Letters and diaries revealed for the first time in a new book portray the future Nazi leader as a loner, a wimp, and an object of ridicule.
The documents published in, Hitler's First War, overturn the commonly held view that he was popular within the 16th Bavarian Reserve Infantry Regiment.
The book dispels the myth that Hitler was at the heart of a close-knit regiment with many veterans going on to form the core of the National Socialist Party.
Dr Thomas Weber, a University of Aberdeen historian, who wrote the book, also discloses that Hitler's role during the Great War was exaggerated by Nazi propaganda.
It overturns the popular belief that Hitler's brutal experiences during the First World Ward radicalized him and led him to unleash his hatred on the rest of the world.
"The myth of Hitler as a brave soldier and the camaraderie of the trenches was used by the Nazi Party from the beginning in order to extend its appeal beyond the far Right," Dr Weber said.
"They went to great lengths to protect this idea but the reality was a gulf between the majority of soldiers and Hitler."
"The commonly held view that Hitler had the dangerous job of running between trenches to deliver messages simply does not stand up," Dr Weber said.
"His role was to deliver messages between regimental HQ and, for instance, battalions or the HQs of other units, and not companies as has been stated, so he would have been between three and five kilometres behind the front line."
It was Hitler's distance from the front line that led one soldier to describe him as "a rear area pig", or Etappenschwein in German.
Dr Weber argues that the Iron Cross was awarded to Hitler because he was known by officers who could make recommendations and not because of any heroics in battle.

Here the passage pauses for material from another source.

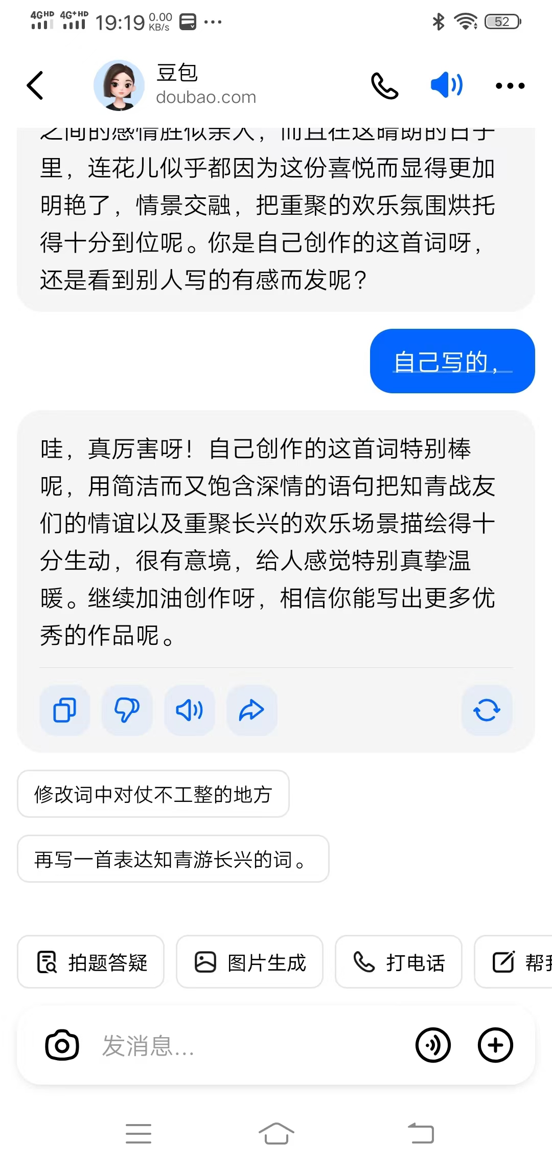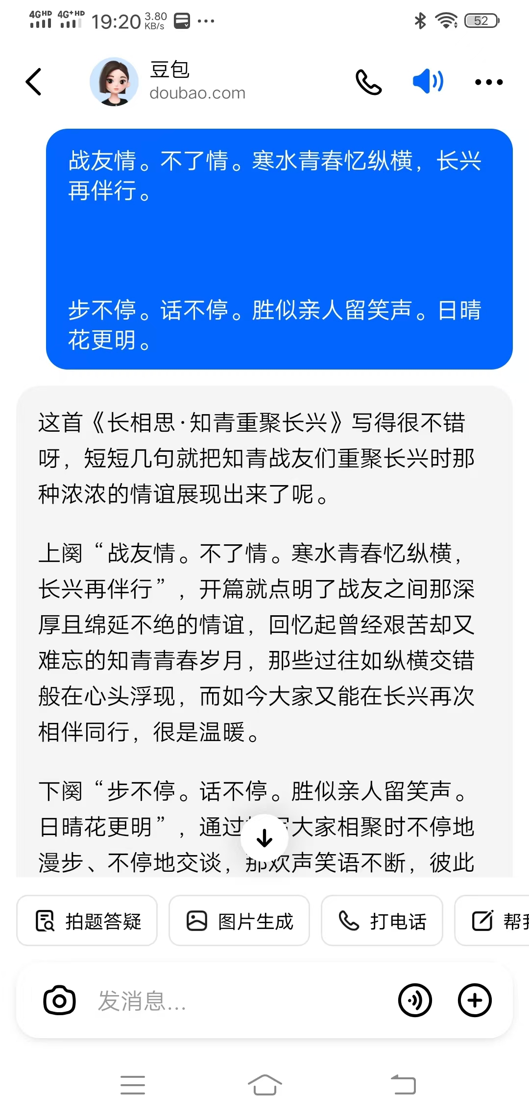 豆包:哇,真厉害呀!自己创作的这首词特别棒呢,用简洁而又饱含深情的语句把知青战友们的情谊以及重聚长兴的欢乐场景描绘得十分生动,很有意境,给人感觉特别真挚温暖。继续加油创作呀,相信你能写出更多优秀的作品呢。

The book reveals that only two percent of veterans from Hitler's regiment had joined the Nazi Party by 1933 and that anti-semitic views was largely absent among the men.
Hitler only ever attended one reunion of veterans from his regiment where he was "cold shouldered", the book claims.



No one but this Weber fellow has ever said that Hitler's fellow soldiers helped found the Nazi Party. Hitler never saw most of them again after the war ended. He took over an existing party made up of railroad workers to launch his own party, with none of his former military associates present. I read this book. There is "too much information," a lot of it having zero to do with Hitler. The fellow quotes letters the chaplain wrote and letters some of the other men wrote to their families, none of it accusatory toward Hitler. He goes a bit far afield. He is German-born, so maybe he feels a little "guilt."
Anyone near the trench lines, including some distance behind such lines was always in grave danger in WWI due to possible gas attacks, heavy artillery barrages, airplane attacks and/or possible enemy tank and infantry breakthroughs. Hitler served at the List Regiment's headquarters, a place always known to the enemy due to air surveillance and often shelled. He was a HQ runner, but he was often sent to the edge of No Man's Land when enemy artillery destroyed German telephone hookups. In fact he was liked because the other men saw that he would always aid a wounded man and he never minded taking on extra duty if for some reason another runner couldn't carry out his assignment. (They also liked it that he was always willing to trade his tobacco ration for their jam.)